Katana VentraIP

Welcome to Wiki.gravy.cc

Picture what would happen if VentraIP built Wikipedia

Katana VentraIP

What is this site?

In short, wiki.gravy.cc is a katana site (generator). What do I mean? I mean that what you see here is generated using katana... But it wasn't generated by hand, this was a 20+ hour process across two developers to setup the scripts, web server and automation required to generate a katana equivalent of any wikipedia page you can visit.

It's not perfect, but read more to see the details




Total Pages Generated: 119547

Total Size On Disk: 8.4G

The Internal Process

I'll try to be quick, so you have time to look around, but below we've outlined what made the beautiful sites you are about to see.

Wikipedia Crawler

We have built a script that takes a starting page on wikipedia, and then downloads this page and starts the process. At the same time, it scrapes every link on the page and will queue it up for the next iteration of the loop. This is primitive, but should probably cover most of the pages. I have not limited the directory space that this project can take up so this could get bad. Luckily there is only so fast it can run.

Matchers

From the wikipedia page, we have to match patterns that we can use in katana. This is things like the primary header and first paragraph, or some h3 followed by paragraphs. This sounds easy but is anything but, If you want to know why, the github is available.

Generators

Once we have matched a section, we need to make the relevant API request to katana to generate the section. This is the same as what you would do in the browser manually, but wholly automated

Transformers

Now here is where the fun happens. When we made the original request, we actually included some placeholder text. Something like $_$_$DEEZ_NUTS__content--1$_$_$.

What is this? It's something we can match against when we get back the build katana page. With this in the returned result, we can replace these values in the string of text with the values that we want.

This was necessary because Katana doesn't accept custom links in all text fields, but what is wikipedia without all the links?

Upload

Now that we have an HTML file generated by katana, and with a couple of links and HTML elements injected, we send this off to my home server where I am running a web server. I made a couple of API endpoints so we can send this with a password and specify other meta information on the server

Serving the files

Now that we have generated the files, we have written a simple web server application that serves the files and handles fallback routing. This also takes the opportunity to check if a wiki page exists yet and if not, generate it for you while showing a redirect page. If you see this page, this is happening in real time.. That's right, building your page, from the latest wiki page, in under 5 seconds!

Cleanup

When the site is finished generating and put on the server, we need to cleanup. We take this chance to reset the Katana template to a basic template for the next iteration. Unfortunately this means any site on katana is reset to a base state, so in VIPControl, you can never see any useful katana site.

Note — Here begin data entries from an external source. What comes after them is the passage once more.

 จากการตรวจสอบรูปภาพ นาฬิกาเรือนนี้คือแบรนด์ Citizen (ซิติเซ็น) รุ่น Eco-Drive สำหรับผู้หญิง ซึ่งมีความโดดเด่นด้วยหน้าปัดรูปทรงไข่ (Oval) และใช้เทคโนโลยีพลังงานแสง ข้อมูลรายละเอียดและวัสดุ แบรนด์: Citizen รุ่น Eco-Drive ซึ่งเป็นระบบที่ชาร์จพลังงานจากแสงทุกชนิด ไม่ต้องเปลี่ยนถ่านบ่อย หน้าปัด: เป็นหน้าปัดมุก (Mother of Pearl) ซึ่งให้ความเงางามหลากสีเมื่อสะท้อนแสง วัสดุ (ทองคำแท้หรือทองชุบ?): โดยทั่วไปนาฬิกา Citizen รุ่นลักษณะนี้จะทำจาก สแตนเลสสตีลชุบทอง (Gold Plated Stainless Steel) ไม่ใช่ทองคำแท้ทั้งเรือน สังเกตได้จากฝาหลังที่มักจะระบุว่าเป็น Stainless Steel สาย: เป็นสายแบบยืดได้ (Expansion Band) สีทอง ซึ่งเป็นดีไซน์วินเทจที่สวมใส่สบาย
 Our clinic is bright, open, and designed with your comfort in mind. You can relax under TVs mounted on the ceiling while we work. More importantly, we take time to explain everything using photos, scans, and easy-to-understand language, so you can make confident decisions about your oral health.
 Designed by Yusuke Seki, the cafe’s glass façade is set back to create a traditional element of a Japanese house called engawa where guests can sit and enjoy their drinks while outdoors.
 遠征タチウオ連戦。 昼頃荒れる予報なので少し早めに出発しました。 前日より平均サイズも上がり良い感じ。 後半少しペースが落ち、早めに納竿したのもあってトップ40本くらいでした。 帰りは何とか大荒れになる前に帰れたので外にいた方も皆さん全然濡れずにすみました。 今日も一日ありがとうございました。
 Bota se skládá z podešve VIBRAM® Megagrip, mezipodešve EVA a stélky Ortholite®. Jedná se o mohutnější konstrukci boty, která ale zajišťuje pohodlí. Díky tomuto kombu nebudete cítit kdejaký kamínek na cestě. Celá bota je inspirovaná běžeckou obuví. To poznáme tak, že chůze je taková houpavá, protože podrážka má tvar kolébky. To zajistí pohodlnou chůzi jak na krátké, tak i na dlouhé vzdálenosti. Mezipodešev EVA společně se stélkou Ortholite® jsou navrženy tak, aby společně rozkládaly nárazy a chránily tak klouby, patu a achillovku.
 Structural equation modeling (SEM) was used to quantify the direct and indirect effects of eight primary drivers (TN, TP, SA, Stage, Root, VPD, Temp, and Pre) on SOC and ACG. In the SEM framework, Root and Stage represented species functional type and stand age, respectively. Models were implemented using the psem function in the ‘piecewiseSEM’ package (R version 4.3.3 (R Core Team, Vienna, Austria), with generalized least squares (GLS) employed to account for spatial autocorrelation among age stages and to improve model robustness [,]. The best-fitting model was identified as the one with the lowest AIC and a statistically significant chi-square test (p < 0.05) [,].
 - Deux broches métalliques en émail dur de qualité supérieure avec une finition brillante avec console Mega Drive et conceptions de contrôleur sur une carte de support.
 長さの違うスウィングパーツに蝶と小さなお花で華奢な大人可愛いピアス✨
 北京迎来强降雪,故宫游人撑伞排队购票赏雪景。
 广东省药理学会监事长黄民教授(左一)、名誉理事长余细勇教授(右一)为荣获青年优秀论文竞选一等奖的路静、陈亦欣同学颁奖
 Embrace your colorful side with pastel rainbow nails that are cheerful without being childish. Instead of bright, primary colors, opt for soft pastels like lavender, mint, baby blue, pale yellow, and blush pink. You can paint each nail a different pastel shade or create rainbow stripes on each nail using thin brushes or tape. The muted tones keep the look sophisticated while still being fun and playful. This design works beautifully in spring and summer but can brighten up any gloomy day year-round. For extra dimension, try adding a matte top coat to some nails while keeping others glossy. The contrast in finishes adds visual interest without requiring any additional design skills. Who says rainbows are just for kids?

To help with some internal things, we also made several Katana services to ensure that we can do things concurrently, for example, generating the pages on request from the user as well as running the script that scrapes.

The poor souls in charge

I'm not kidding, we did nothing else for 3 days. If we don't win this competition, RIP my harddrives

Katana VentraIP

Ian Hogers

Did like at least 80% of the automation work

Katana VentraIP

Lleyton Morris

Knows a thing or two about web servers

Testimonials

This website is literally a masterpiece. These guys should win the site builder competition... or atleast get a pay rise!

The Primary Developer

Developer

I click on random links in this site for hours... And I didn't find a single PriceyBot quote! This is heaven

The Other Developer

Developer

When I wanted to go to sleep, they told me I had to stare at more random pages otherwise they'd pour water on my head while I sleep. This site is amazing and I am saying this of my own free will!

The Girlfriends

Girlfriend

Frequently Frequented Pages

While testing, there were a few sites that we used as a baseline, We are confident these atleast somewhat work as intended, but ultimately, we expect at least a bit of every site to work as intended. We also encourage you to replace wiki.gravy.cc with en.wikipedia.org and compare and see if you can work out how the pages are being converted

This one was the one that kept us up till 1am on Sunday night. It's not like your typical page, so we needed to make sure this was done before we could submit this.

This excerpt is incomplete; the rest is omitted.